Из-за хромосом деда, матери или прабабушки? Или же это, скорее, продолжение вопроса, поставленного давным-давно? Или же это трудность, с которой они давно столкнулись, но не могут ее разрешить? Или же это зов, испущенный ими давным-давно, на который начинает приходить ответ?
Об этом очень трудно говорить, потому что люди немедленно обращают это в мыльную оперу и начинают судить о перевоплощении Александра Македонского или Карла Великого или... все это крайне наивно.
Мы перевоплощение нашей мечты.
Мы перевоплощение нашей молитвы.
Мы много стремились, много надеялись, молились на достижение чего-то -- да, это не прекращается из-за того, что вас кладут на погребальный костер или закапывают в землю. Эта молитва, этот зов следует за вами... следует за вами. Или же это кромешная тьма, которую вы переживаете, преследует вас.
Если мы могли бы видеть всю картину, то увидели бы одну и ту же историю, разворачивающуюся из столетия в столетие, под разными личинами, под разными видимыми обстоятельствами. Но за всеми этими видимостями (будь то в Египте, Греции, Риме, Европе или Индии), за всеми этими декорациями мы увидели бы все тот же самый постоянный поиск -- тот же самый зов нечто. И тогда, из эпохи в эпоху, в той декорации, в тех конкретных одеяниях, мы были бы внезапно охвачены и остановлены таким глубоким дыханием -- нечто, что заставляет слететь все одеяния, что выстраивает великую, великую родословную, на великой, великой дороге, которая была всегда, и затем... мы чувствуем: я буду существовать во веки веков.

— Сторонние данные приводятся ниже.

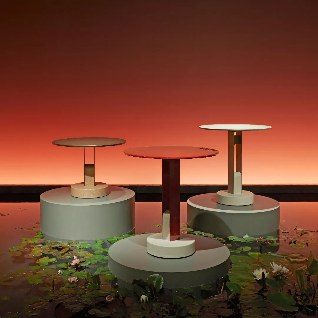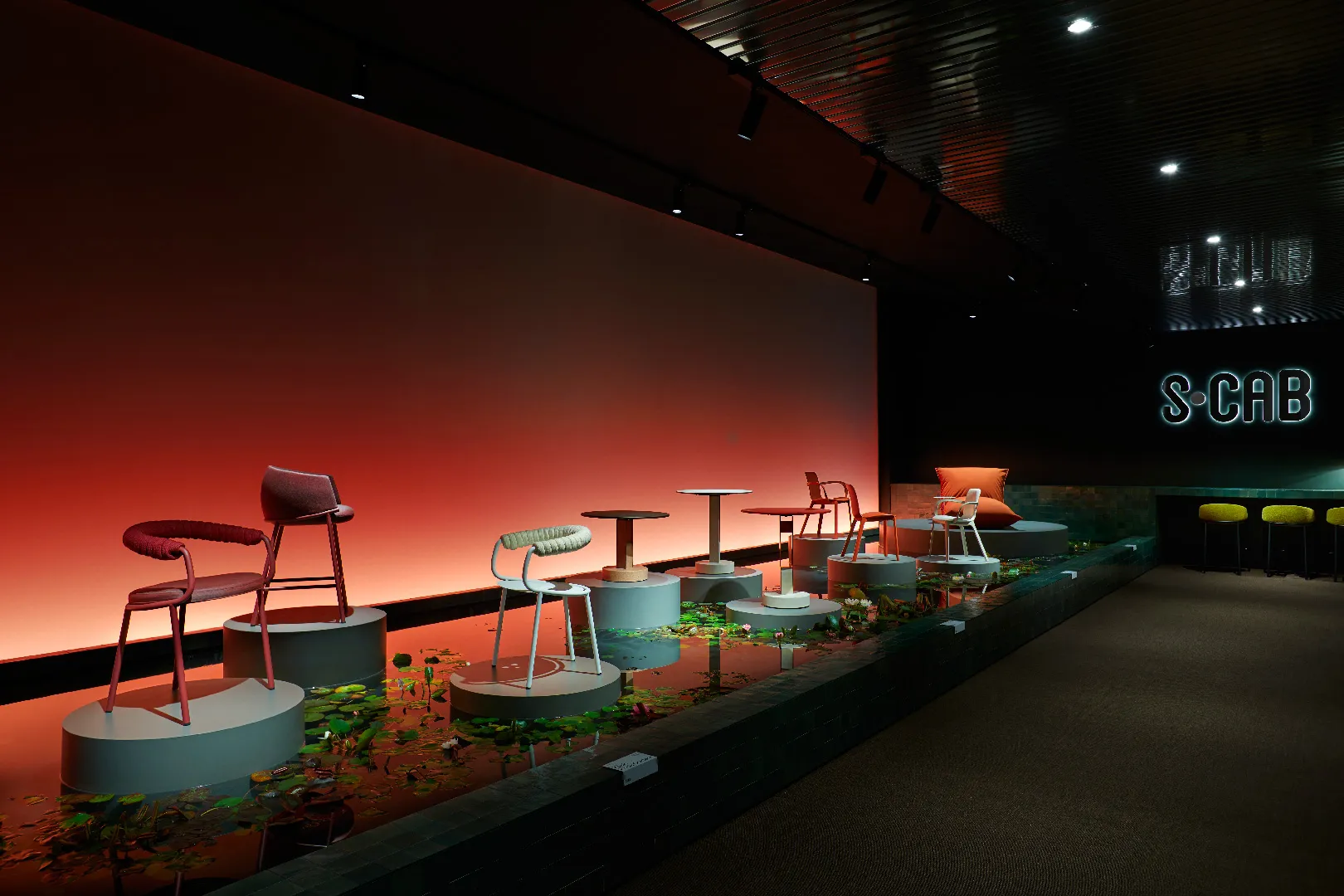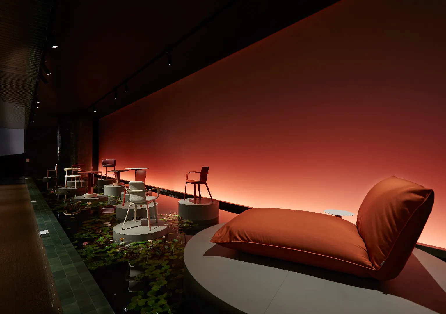Cuore scenografico del progetto è la ricostruzione di uno stagno con piante acquatiche, pensato come dispositivo narrativo e sensoriale: un paesaggio controllato, quasi teatrale, che accompagna il visitatore in un percorso di scoperta. In questo contesto, i pezzi di design vengono presentati come piante rare, come fiori esotici da osservare da vicino: oggetti-icona messi in risalto da una regia discreta, capace di enfatizzarne unicità e valore.
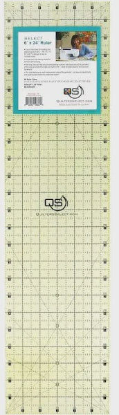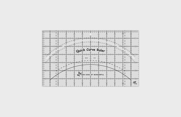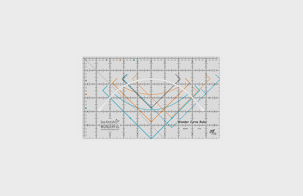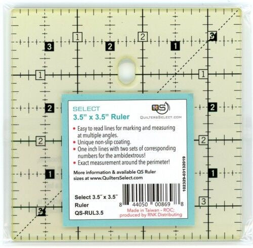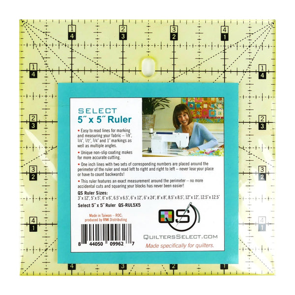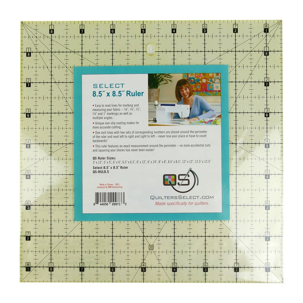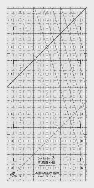 This 45 degree triangle cuts half-square triangles up to a finished size of 8 inches. Since the tip is trimmed, all squares and triangles can be cut from the same strip of fabric. A dashed 1/4 inch seam allowance is printed around the entire edge of the ruler.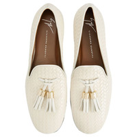 Product Details Grosgrain-trimmed loafers in woven-print leather with leather tassels and metal detail. - Ivory-white woven-print leather with ivory-white leather edge - Ivory-white leather tassels with golden metal accessory - 05 mm-high heel - Brown leather sole with logo ORIGIN: ITALY COLOR: BEIGE

Товарницки: Прекрасная, очаровательная история! Но все это лишено
какой-либо уверенности.
Хорошо, взгляни, уверенность это... В течение тех нескольких секунд, когда отлетают прочь одеяния, декорации -- та пустыня, в которой все кажется валящимся как карточный домик -- в тот момент это так ясно, ты понимаешь, что нет места сомнению, нет места уверенности (смеясь): ты переживаешь факт.
Ты знаешь, что жил "этим" прежде, и ты снова будешь это переживать; это подобно самой сущности твоего существа в ходе всего путешествия, в римской, греческой, египетской или индийской одежде, и это одно и то же СУЩЕСТВО следует этим... курсом.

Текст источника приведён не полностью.